I have a 4090 too, combined with a 5950 and it doesn’t really go much faster than the 3080 before.
But it can do more work in parallel, which is also the only way to get anywhere closer to full utilization. 3xArtemis 1080p denoising tasks in parallel are no problem. It’s also about 50% more power efficient than the 3080 before.

1 Like

My 4090 gets 100% utilisation or else 44% depending on the settings

What are the settings where u get 100% utilization and whats your CPU?

I am only managing close to 100% utilization of my 4090 when I for example run 3x1080p Artemis High denoise with NVENC H265 encoder (needs driver patch for 3 parallel H265 encode streams), using my 5950 locked @ 4.6Ghz @ 1.3v.

image
Note: all are 1080p tasks, but the 2 tasks running @ 3.8fps are using a 130 pixel crop at top and bottom (using ffmpeg pad to re-add black borders for essentially no cost)

The great thing about the 4090 (2700Mhz@0.925v) is that it needs less than 200W for these 3 parallel tasks
image

The pc I just built last week cpu is a 7950x, 128GB of ddr5, 4090. I will be more clear to not mislead you, there are still some combinations that lead to not full utilization of the gpu for me.
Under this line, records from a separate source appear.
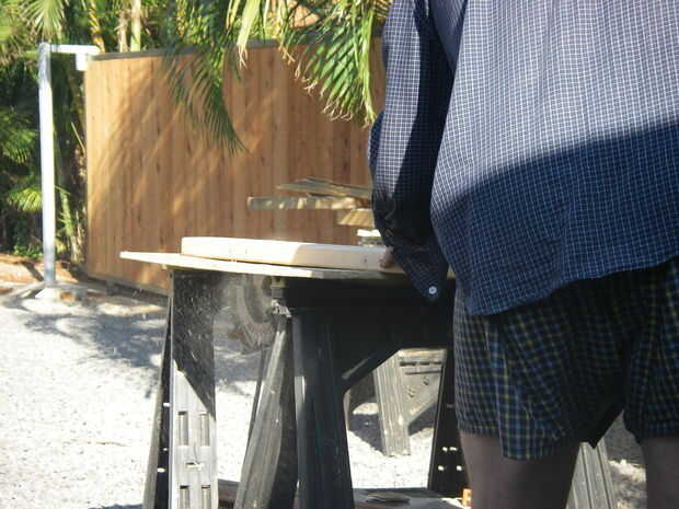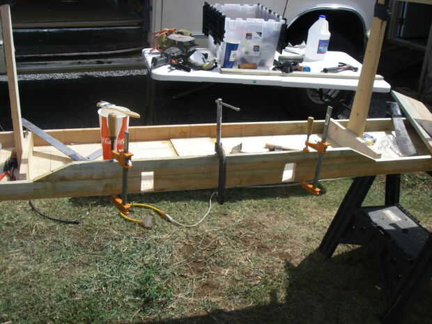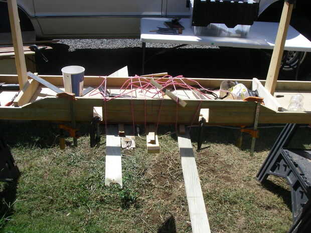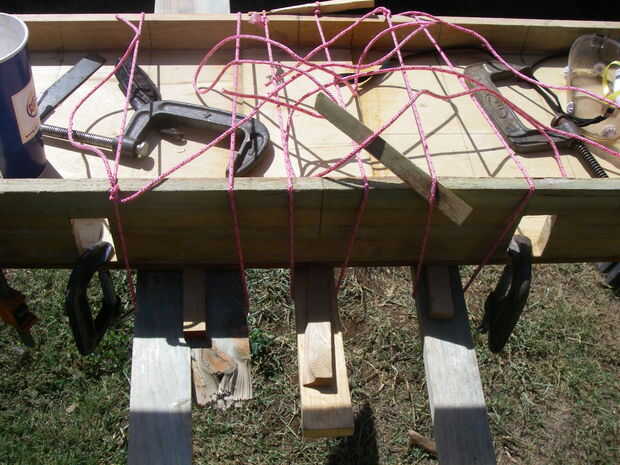 Para hacer las tomas aserrado muescas cuadradas completamente a través de la borda. Luego hizo una junta muesca coincidente para encajar sobre él, pegado y había atornillado en su lugar. No tengo suficientes abrazaderas abiertas para hacer el trabajo, así que utiliza cuerdas, palos y cuñas en su lugar.
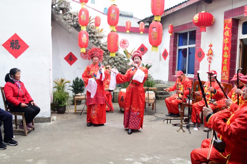 2月15日,下涯鎮(zhèn)馬目坐唱班的10多名婺劇票友歡聚農(nóng)家小院,吹拉彈唱,演繹傳統(tǒng)婺劇經(jīng)典選段,并拍攝成視頻發(fā)到朋友圈里,與親朋好友同歡,傳遞新春喜樂(lè)。
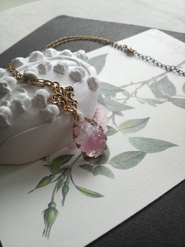 ヴィンテージ Sugar-White・PinkRoseギヴレ ネックレス
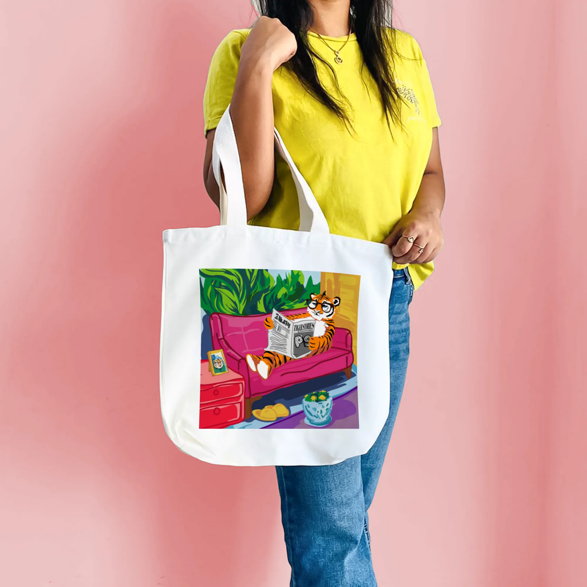 "Tiger's Leisure: Pop Art Illustration of a Relaxing Read" Artistic Tote Bag

Mainly it seems to be related to frame interpolation while deinterlacing? but not always.

There is a test file and recommended settings on this thread Comparison thread: How many seconds per frame for various processors/GPUs?
When I did that test I was getting 100% utilization of the 4090. Could you try that test and see if you are also getting 100%? 2x upscale gaia HQ computer generated. no fps change. I just reran that test and it completed in 3 minutes 44 seconds 0.096551 sec/frame

I was doing a back to back test between AV1 h.264 and h265 yesterday at varying bitrates. The input footage was XDCAM50 mxf (that is interlaced 25i 1920x1080 422 50mbps). Using just the deon dv deinterlace to 108025p I was seeing 100% utilisation
I’ve just repeated that xdcam50 test but with 4k50p prores output I was getting 25%-ish 4090 utilization. Deinterlacing to 1080p25 using dione dv it’s 100% gpu utilization.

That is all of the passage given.